## TASK DETAILS
Copy out exactly the lines spanning the line with "原來在飯店對面河畔,有這麼一" to the line with "The DIY kit", inclusive, from the data underneath, with no pictures.
----- DATA RECORDS
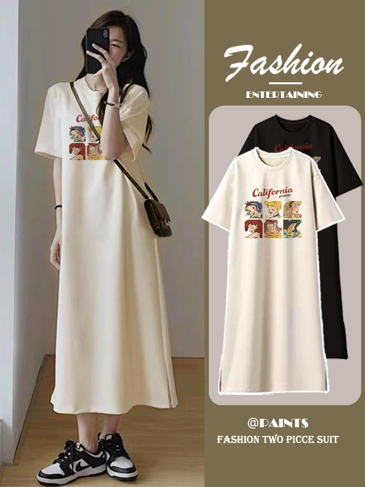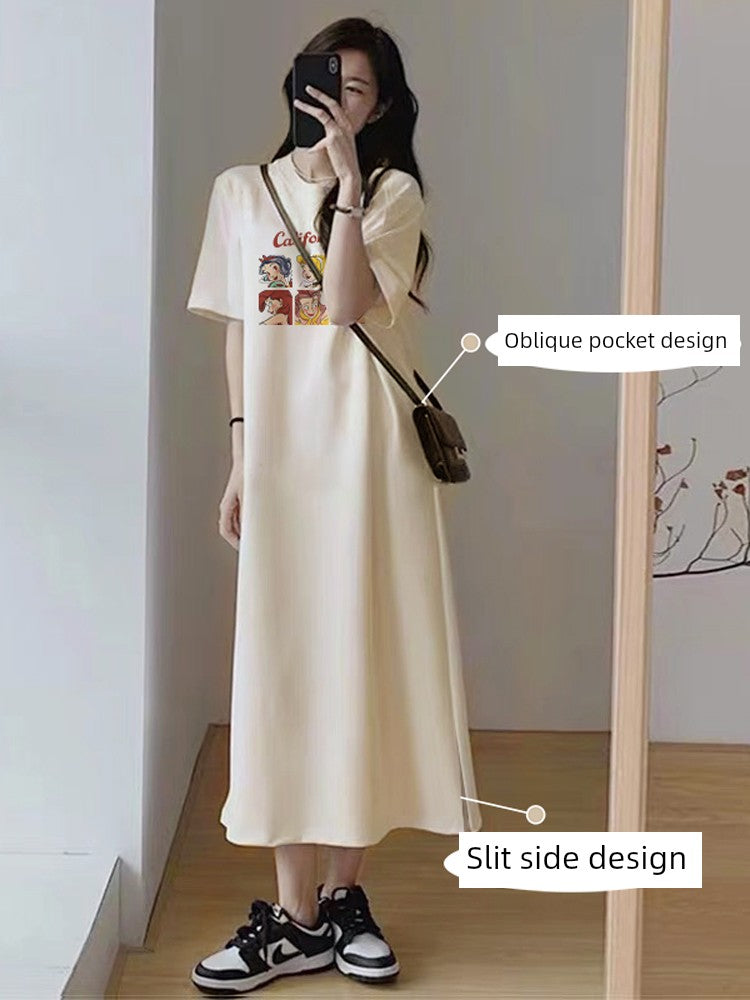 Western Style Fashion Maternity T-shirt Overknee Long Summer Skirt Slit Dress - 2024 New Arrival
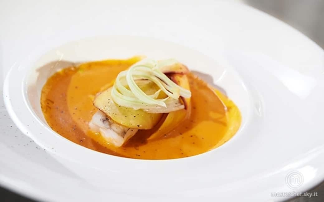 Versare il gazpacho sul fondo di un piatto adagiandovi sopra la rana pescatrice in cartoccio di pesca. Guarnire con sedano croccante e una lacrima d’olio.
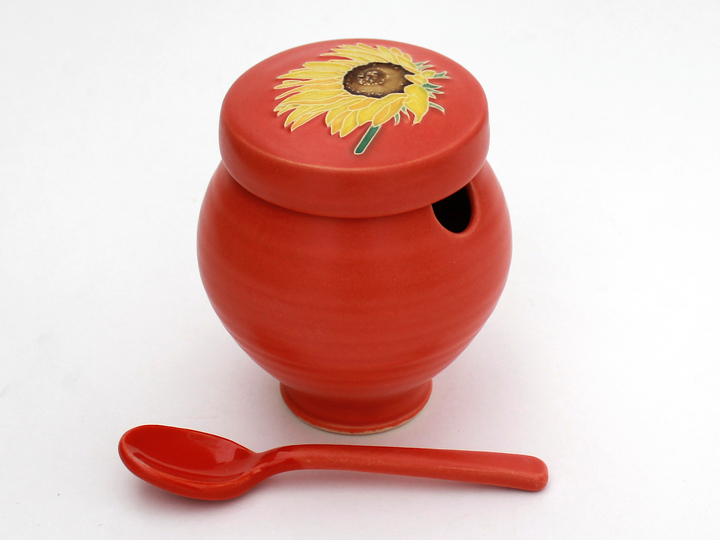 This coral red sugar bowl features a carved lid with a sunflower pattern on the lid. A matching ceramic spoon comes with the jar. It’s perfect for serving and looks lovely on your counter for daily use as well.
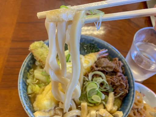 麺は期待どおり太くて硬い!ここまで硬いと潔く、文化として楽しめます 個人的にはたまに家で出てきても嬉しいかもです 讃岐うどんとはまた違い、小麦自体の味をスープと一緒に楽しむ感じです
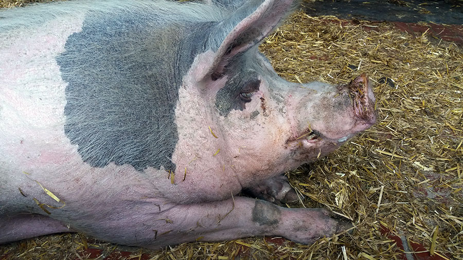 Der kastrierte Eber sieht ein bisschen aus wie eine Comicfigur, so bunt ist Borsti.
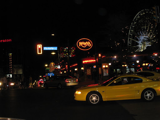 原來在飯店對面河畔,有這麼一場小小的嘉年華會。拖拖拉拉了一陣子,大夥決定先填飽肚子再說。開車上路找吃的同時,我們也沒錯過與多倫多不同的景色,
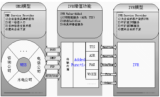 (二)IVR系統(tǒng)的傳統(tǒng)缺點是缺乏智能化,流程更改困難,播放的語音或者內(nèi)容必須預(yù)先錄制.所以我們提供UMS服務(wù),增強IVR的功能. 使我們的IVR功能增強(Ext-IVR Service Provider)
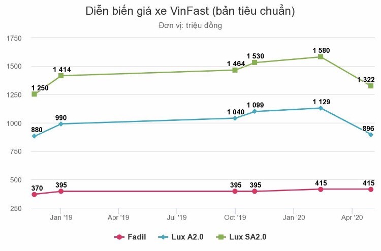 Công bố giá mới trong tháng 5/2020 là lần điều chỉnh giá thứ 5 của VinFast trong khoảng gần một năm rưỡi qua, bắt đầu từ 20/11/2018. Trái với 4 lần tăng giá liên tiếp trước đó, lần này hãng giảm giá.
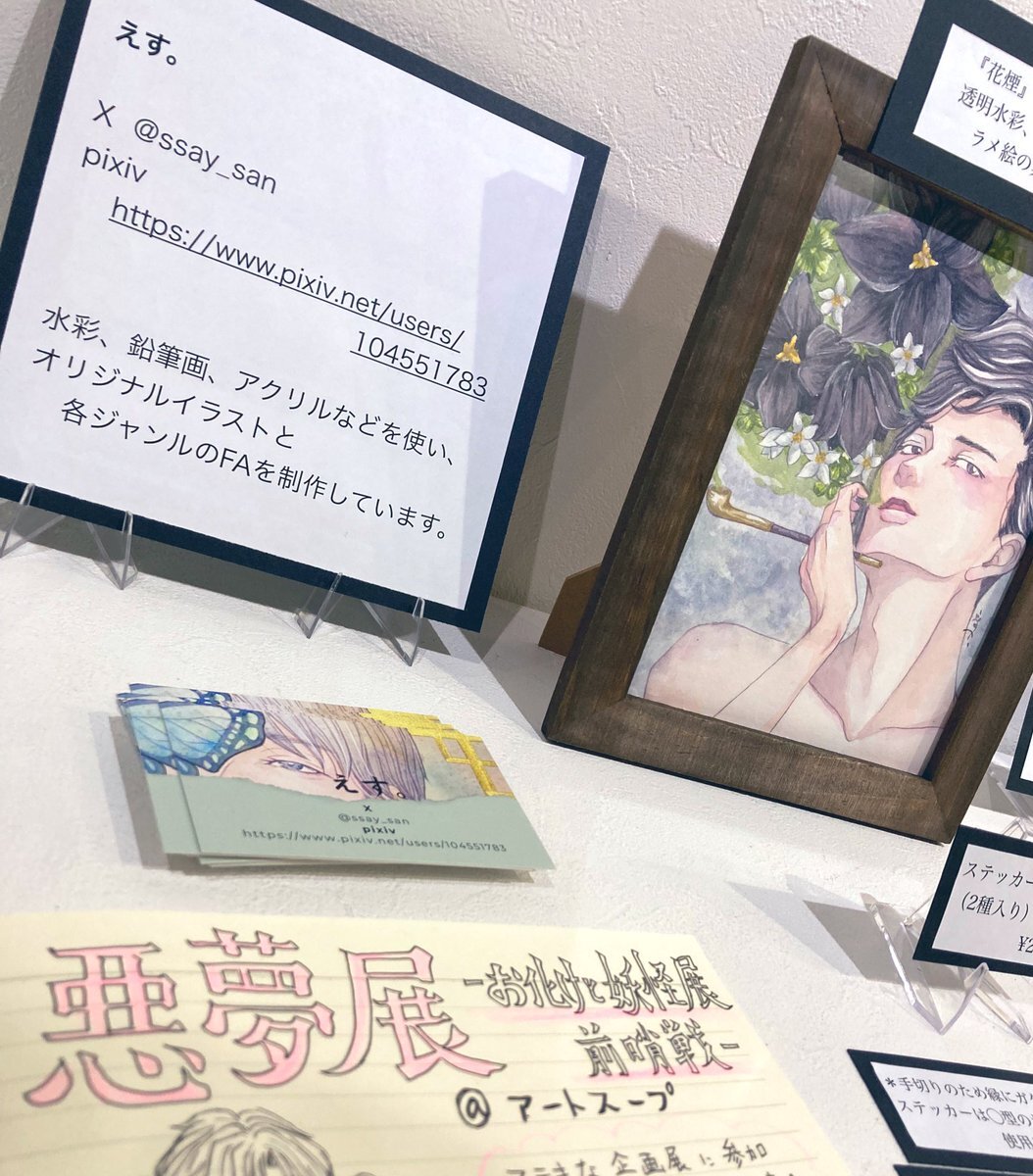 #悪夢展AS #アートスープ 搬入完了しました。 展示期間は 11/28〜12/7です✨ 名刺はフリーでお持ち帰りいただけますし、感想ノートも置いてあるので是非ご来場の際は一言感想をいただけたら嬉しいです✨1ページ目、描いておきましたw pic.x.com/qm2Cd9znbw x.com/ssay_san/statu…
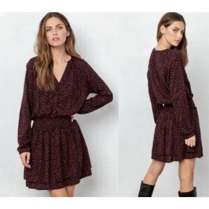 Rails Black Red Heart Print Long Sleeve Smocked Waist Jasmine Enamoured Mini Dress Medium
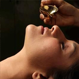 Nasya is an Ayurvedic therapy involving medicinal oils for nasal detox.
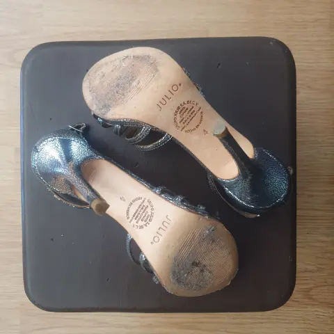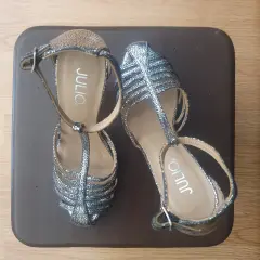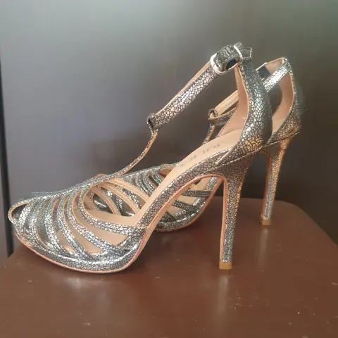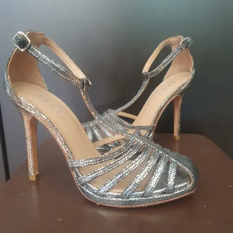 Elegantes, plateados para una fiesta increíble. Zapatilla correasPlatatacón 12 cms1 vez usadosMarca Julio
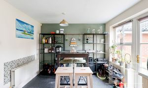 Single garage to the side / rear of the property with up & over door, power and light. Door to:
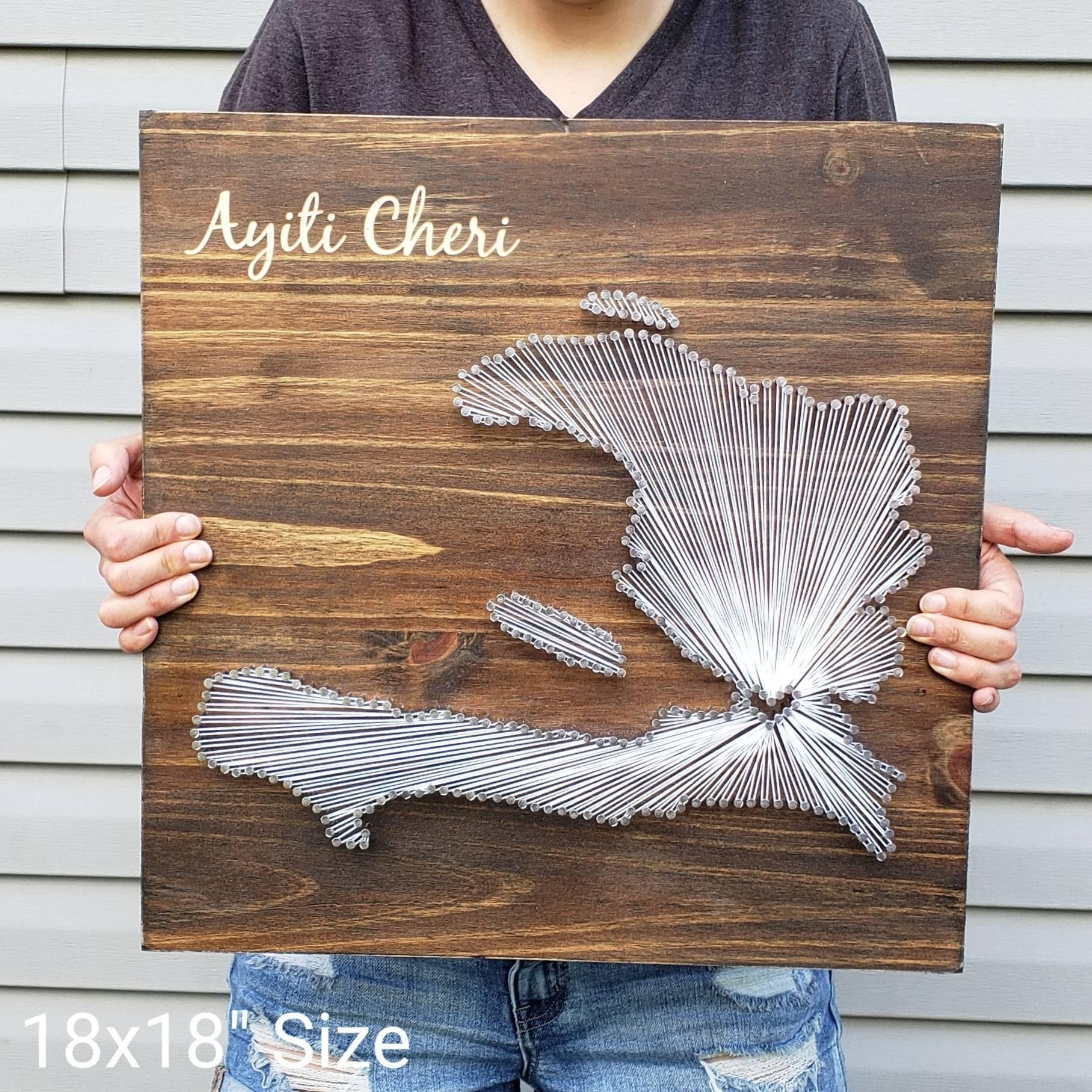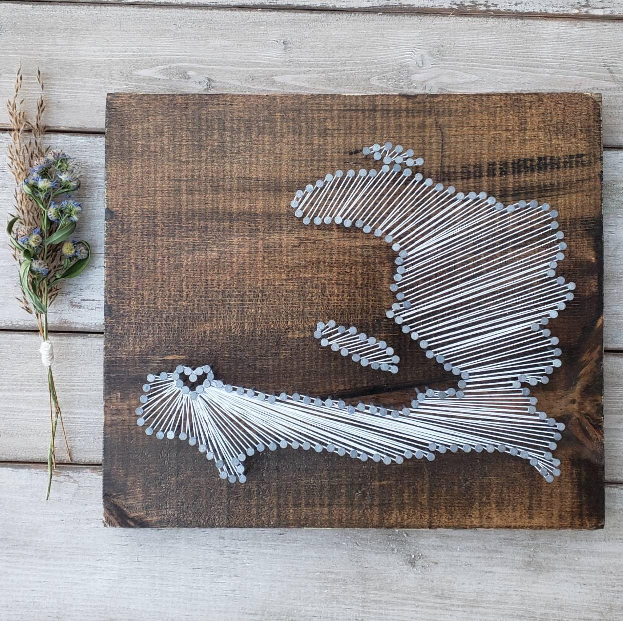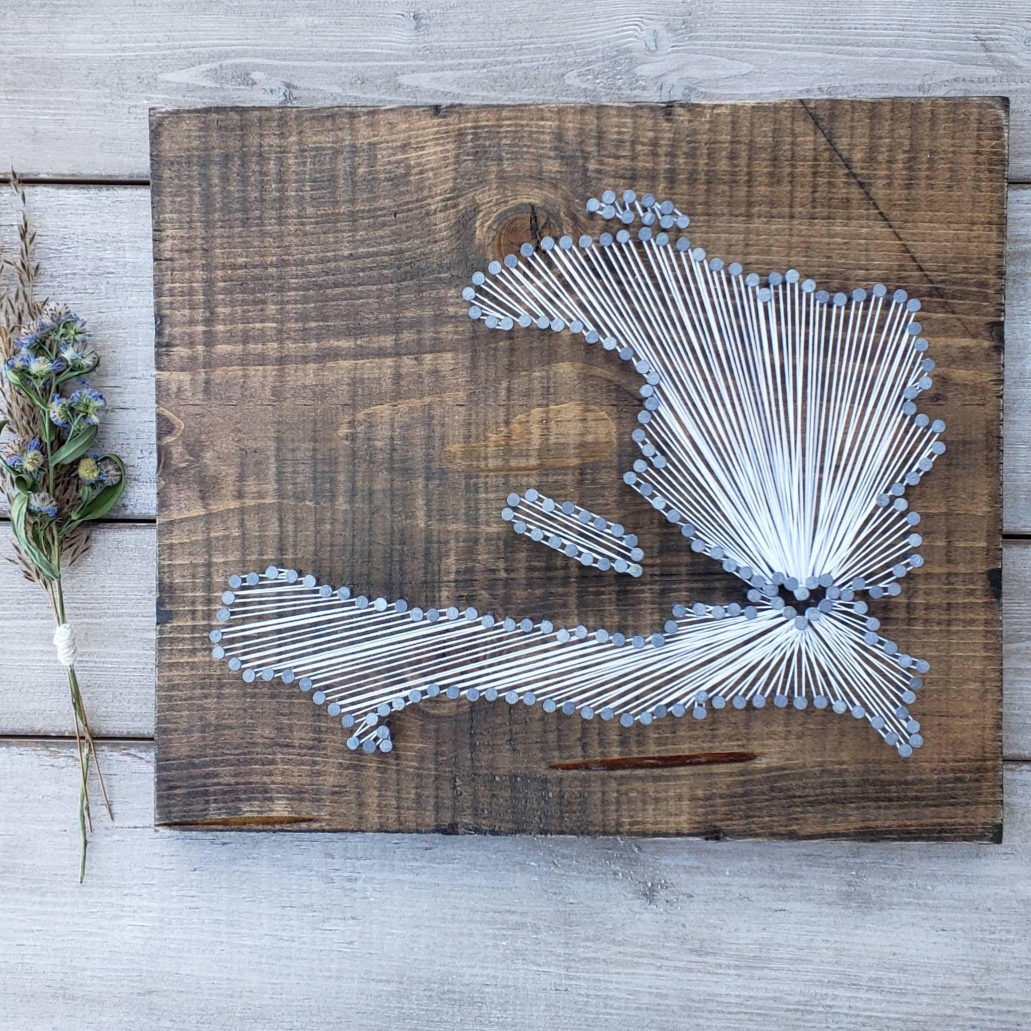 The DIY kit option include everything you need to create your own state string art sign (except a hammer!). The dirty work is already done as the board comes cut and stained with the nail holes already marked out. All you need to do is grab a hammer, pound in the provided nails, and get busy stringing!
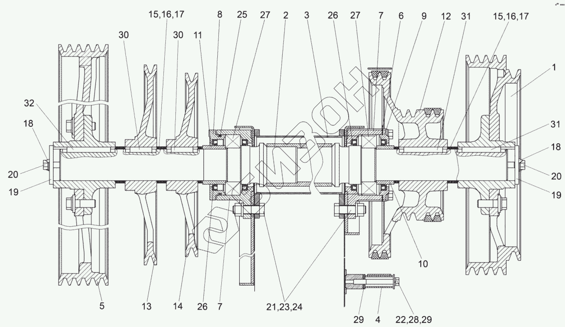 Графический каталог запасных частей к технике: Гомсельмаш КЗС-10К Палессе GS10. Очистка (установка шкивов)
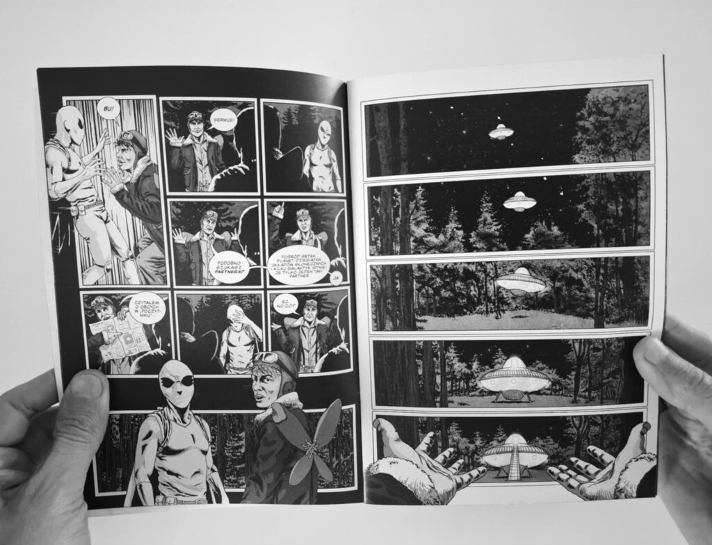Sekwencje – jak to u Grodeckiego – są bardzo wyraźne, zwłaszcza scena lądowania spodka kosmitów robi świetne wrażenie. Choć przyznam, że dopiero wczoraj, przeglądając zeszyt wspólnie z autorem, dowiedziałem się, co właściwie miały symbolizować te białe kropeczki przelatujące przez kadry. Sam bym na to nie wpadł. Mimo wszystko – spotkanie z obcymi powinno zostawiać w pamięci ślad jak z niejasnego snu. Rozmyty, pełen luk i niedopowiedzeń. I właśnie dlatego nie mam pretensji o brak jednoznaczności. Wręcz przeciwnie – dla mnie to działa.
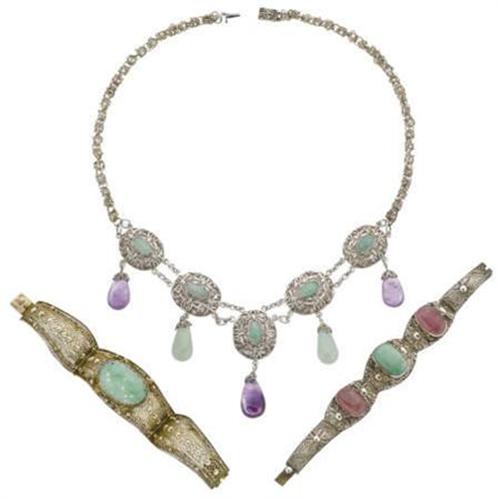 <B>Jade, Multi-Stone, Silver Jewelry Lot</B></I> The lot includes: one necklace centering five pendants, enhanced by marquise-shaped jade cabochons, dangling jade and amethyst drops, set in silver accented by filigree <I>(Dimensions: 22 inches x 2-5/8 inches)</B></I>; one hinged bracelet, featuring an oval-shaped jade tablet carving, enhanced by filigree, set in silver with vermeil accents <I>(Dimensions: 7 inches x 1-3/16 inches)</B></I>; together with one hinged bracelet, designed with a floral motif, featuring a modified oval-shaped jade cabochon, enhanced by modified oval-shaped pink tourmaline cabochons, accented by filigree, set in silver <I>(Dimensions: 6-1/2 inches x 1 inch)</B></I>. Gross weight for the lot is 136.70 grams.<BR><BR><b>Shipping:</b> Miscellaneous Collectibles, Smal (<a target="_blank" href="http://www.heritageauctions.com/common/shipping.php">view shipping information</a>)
----------
## COMPLETED TASK
 原來在飯店對面河畔,有這麼一場小小的嘉年華會。拖拖拉拉了一陣子,大夥決定先填飽肚子再說。開車上路找吃的同時,我們也沒錯過與多倫多不同的景色,
 (二)IVR系統(tǒng)的傳統(tǒng)缺點是缺乏智能化,流程更改困難,播放的語音或者內(nèi)容必須預(yù)先錄制.所以我們提供UMS服務(wù),增強IVR的功能. 使我們的IVR功能增強(Ext-IVR Service Provider)
 Công bố giá mới trong tháng 5/2020 là lần điều chỉnh giá thứ 5 của VinFast trong khoảng gần một năm rưỡi qua, bắt đầu từ 20/11/2018. Trái với 4 lần tăng giá liên tiếp trước đó, lần này hãng giảm giá.
 #悪夢展AS #アートスープ 搬入完了しました。 展示期間は 11/28〜12/7です✨ 名刺はフリーでお持ち帰りいただけますし、感想ノートも置いてあるので是非ご来場の際は一言感想をいただけたら嬉しいです✨1ページ目、描いておきましたw pic.x.com/qm2Cd9znbw x.com/ssay_san/statu…
 Rails Black Red Heart Print Long Sleeve Smocked Waist Jasmine Enamoured Mini Dress Medium
 Nasya is an Ayurvedic therapy involving medicinal oils for nasal detox.
 Elegantes, plateados para una fiesta increíble. Zapatilla correasPlatatacón 12 cms1 vez usadosMarca Julio
 Single garage to the side / rear of the property with up & over door, power and light. Door to:
 The DIY kit option include everything you need to create your own state string art sign (except a hammer!). The dirty work is already done as the board comes cut and stained with the nail holes already marked out. All you need to do is grab a hammer, pound in the provided nails, and get busy stringing!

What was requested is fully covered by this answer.